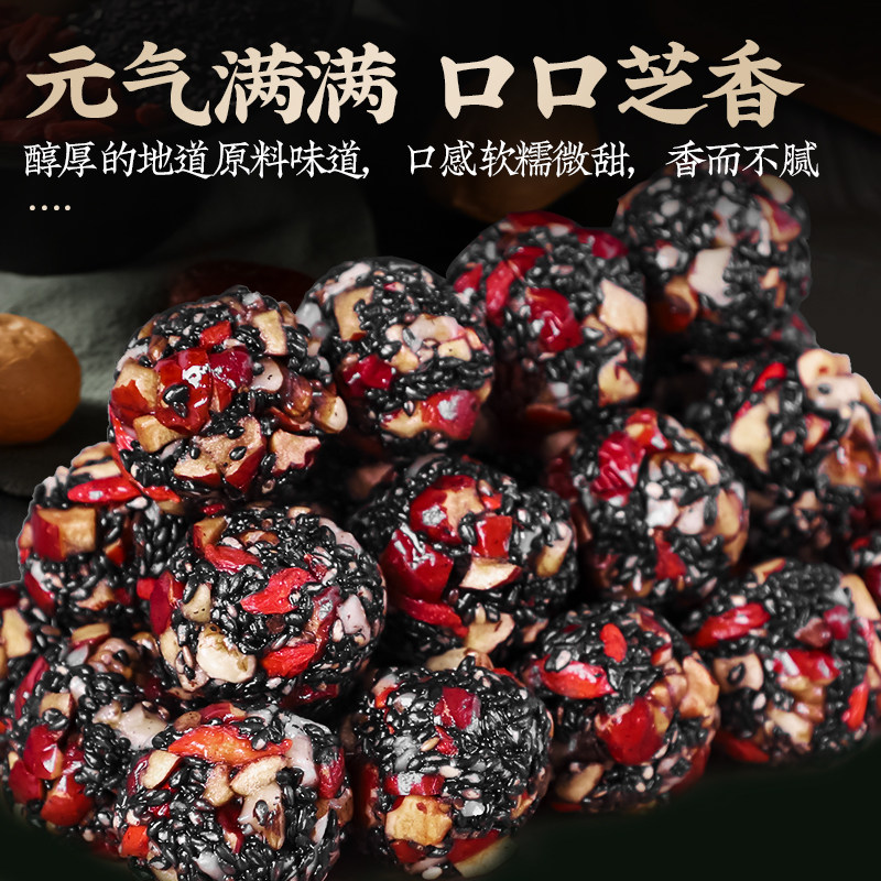 黄芪党参黑芝麻丸芝麻球红枣核桃软糕高钙休闲小零食官方旗舰店
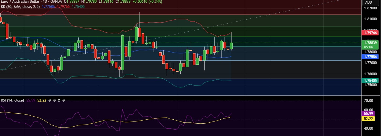 • Immediate resistance is located at 1.7939(50%fib), any close above will push the pair towards 1.7980 (Higher BB).
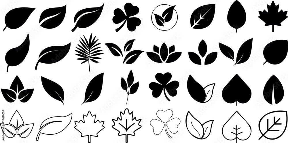 Naklejka Leaf silhouettes, vector collection, diverse leaves shapes, nature elements
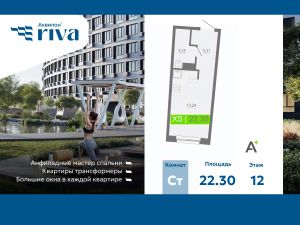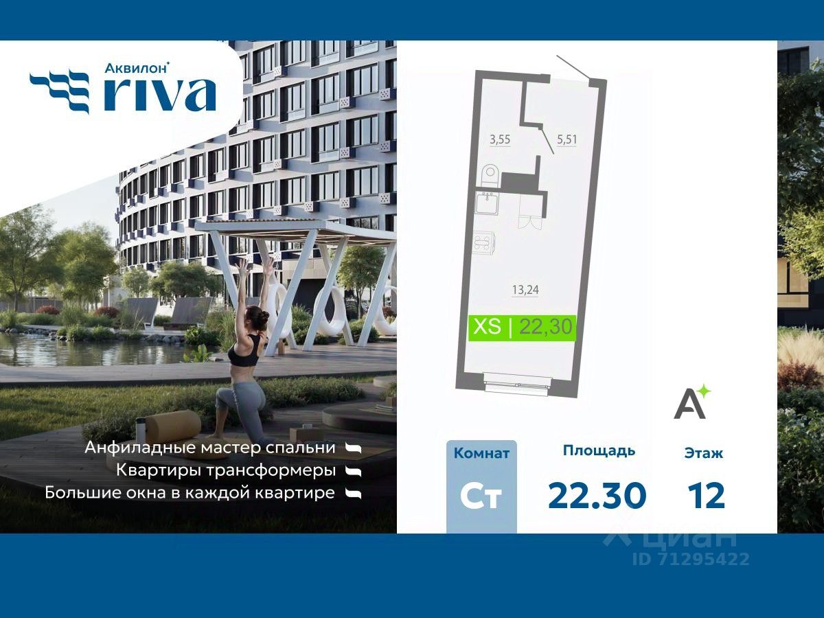 Продается 1-комн. квартира-студия от застройщика с отделкой в ЖК "Аквилон RIVA" на 12 этаже. Общая площадь: 22.3 кв.м., площадь гостиной 13.24 кв.м., из которых 5 кв.м. выделено под кухонную зону. Все окна выходят на одну сторону. В квартире один совмещенный санузел. Высота потолков 2.73 м.
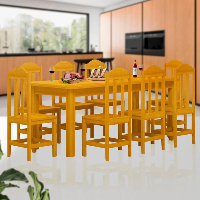 Dimensões da mesa: Largura 200cm; Altura 81cm; Comprimento 88cm.Dimensões da Cadeira: Largura 41,3 cm; Comprimento 38,5 cm; Altura 105 cm.Material: Madeira MaciçaItens Inclusos: 1 mesa e 8 cadeiras- 100% madeira maciça- Design clássico e robusto- Combina com qualquer tipo de ambienteRecomendações de uso, manutenção e limpeza: Limpar com flanela ou pano macio seco, não utilizar produtos abrasivos, desengordurantes, álcool ou solvente. Não expor o produto diretamente a luz solar e à umidadeGarantia: 3 meses
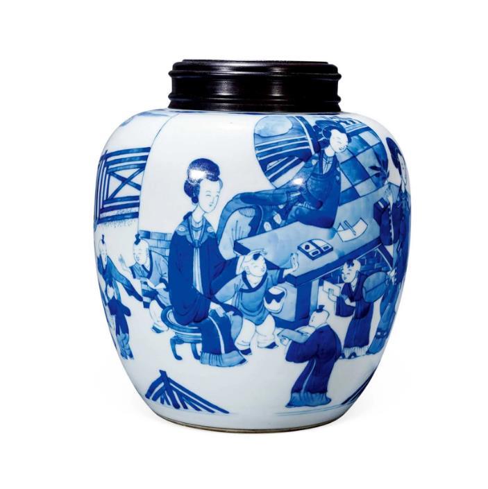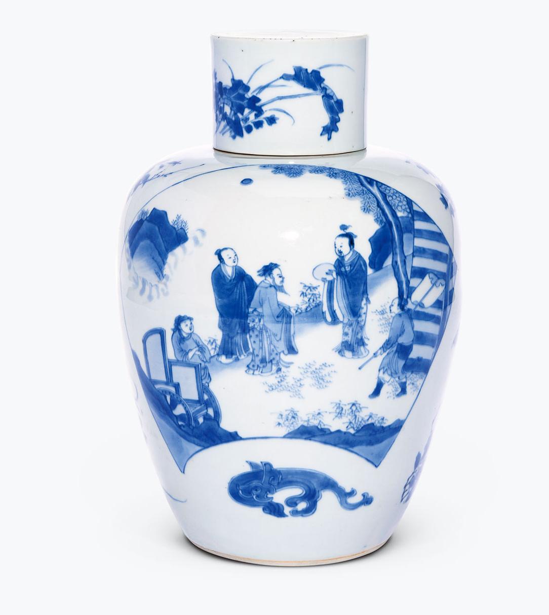 2.明崇祯青花开光陆绩怀橘图盖罐
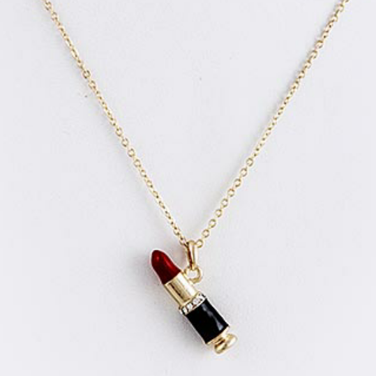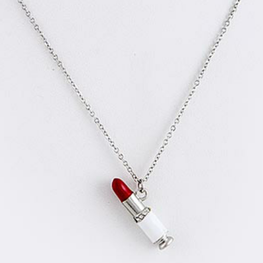 -Length: 20" approx-lobster claw clasp; small sized lipstick charm. -Available in White/Silver, White/Gold, Black/Silver, and Black/Gold
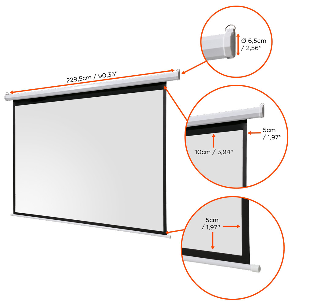 Dank des langlebigen und zuverlässigen Motor-Mechanismus können Sie die Leinwand einfach mit Hilfe der integrierten Vorrichtung ausziehe. Der verbaute Mechanismus sorgt für eine gleichbleibende Rückzugskraft und stellt eine lange Lebensdauer sicher.
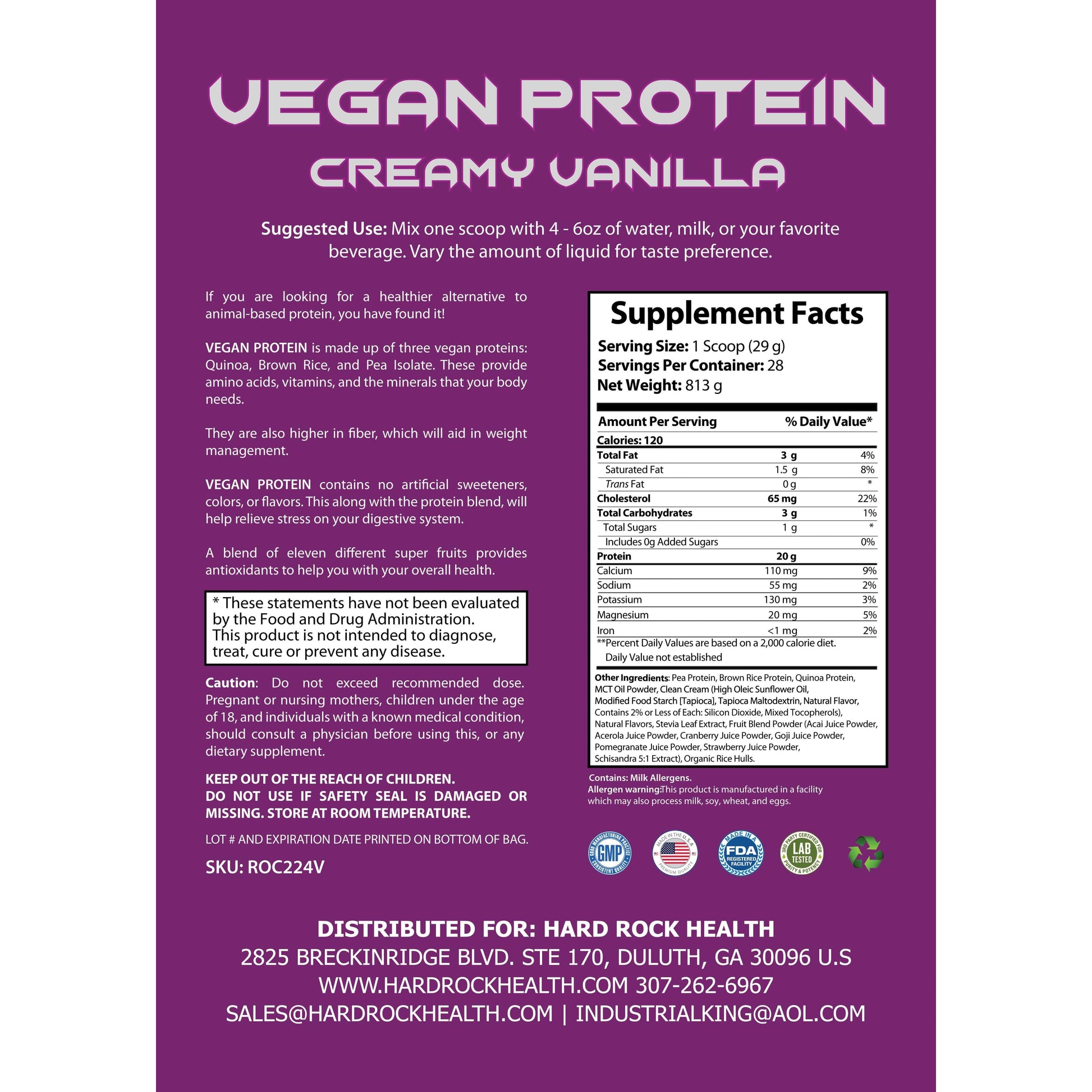 Mix one scoop of Organic Vegan Protein by Hard Rock Health with 4 - 6oz of water, milk, or your favorite beverage. Vary the amount of liquid for taste preference.
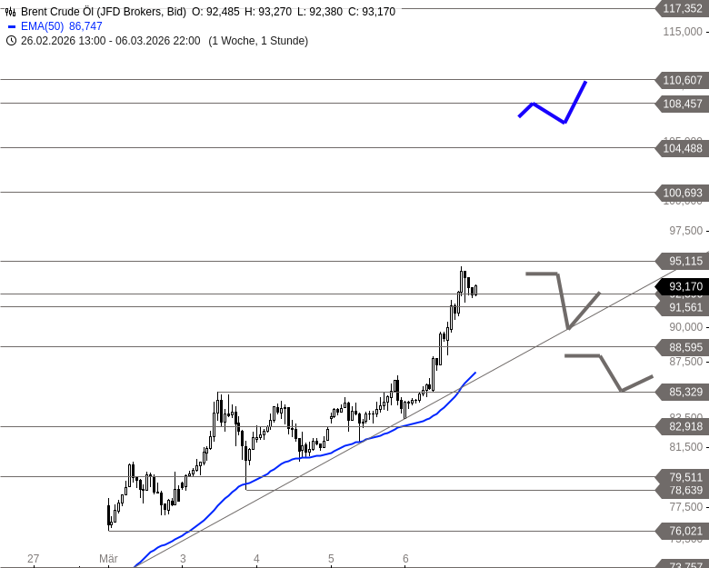 Brent hatte sich bereits an den Vortagen infolge der Entwicklungen rund um den Iran massiv nach oben bewegt. Am Freitag wurde diese Bewegung nochmals deutlich ausgeweitet, wobei die Notierungen bis an die Marke von rund 95,12 USD anstiegen. Zum Wochenstart kommt es nun zu einem weiteren kräftigen Kurssprung, der Brent erneut deutlich nach oben führt.
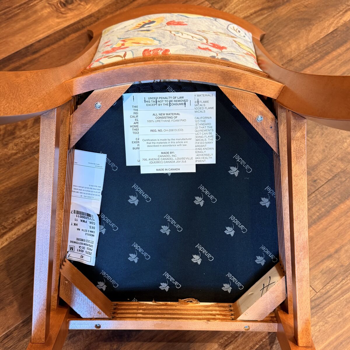 PayPalBrand new! My dad ordered these custom chairs for his recently-built house before he was diagnosed with cancer, and they weren't delivered until after his funeral. Solid wood, made in Canada. Specs:

PROBLEM DETAILS ▸
An exact copy is needed of only the lines from the top of the material through the line with "Продается 1-комн. квартира-студия"; no pictures belong in it.

WRITTEN ANSWER ▸
 黄芪党参黑芝麻丸芝麻球红枣核桃软糕高钙休闲小零食官方旗舰店
 • Immediate resistance is located at 1.7939(50%fib), any close above will push the pair towards 1.7980 (Higher BB).
 Naklejka Leaf silhouettes, vector collection, diverse leaves shapes, nature elements
 Продается 1-комн. квартира-студия от застройщика с отделкой в ЖК "Аквилон RIVA" на 12 этаже. Общая площадь: 22.3 кв.м., площадь гостиной 13.24 кв.м., из которых 5 кв.м. выделено под кухонную зону. Все окна выходят на одну сторону. В квартире один совмещенный санузел. Высота потолков 2.73 м.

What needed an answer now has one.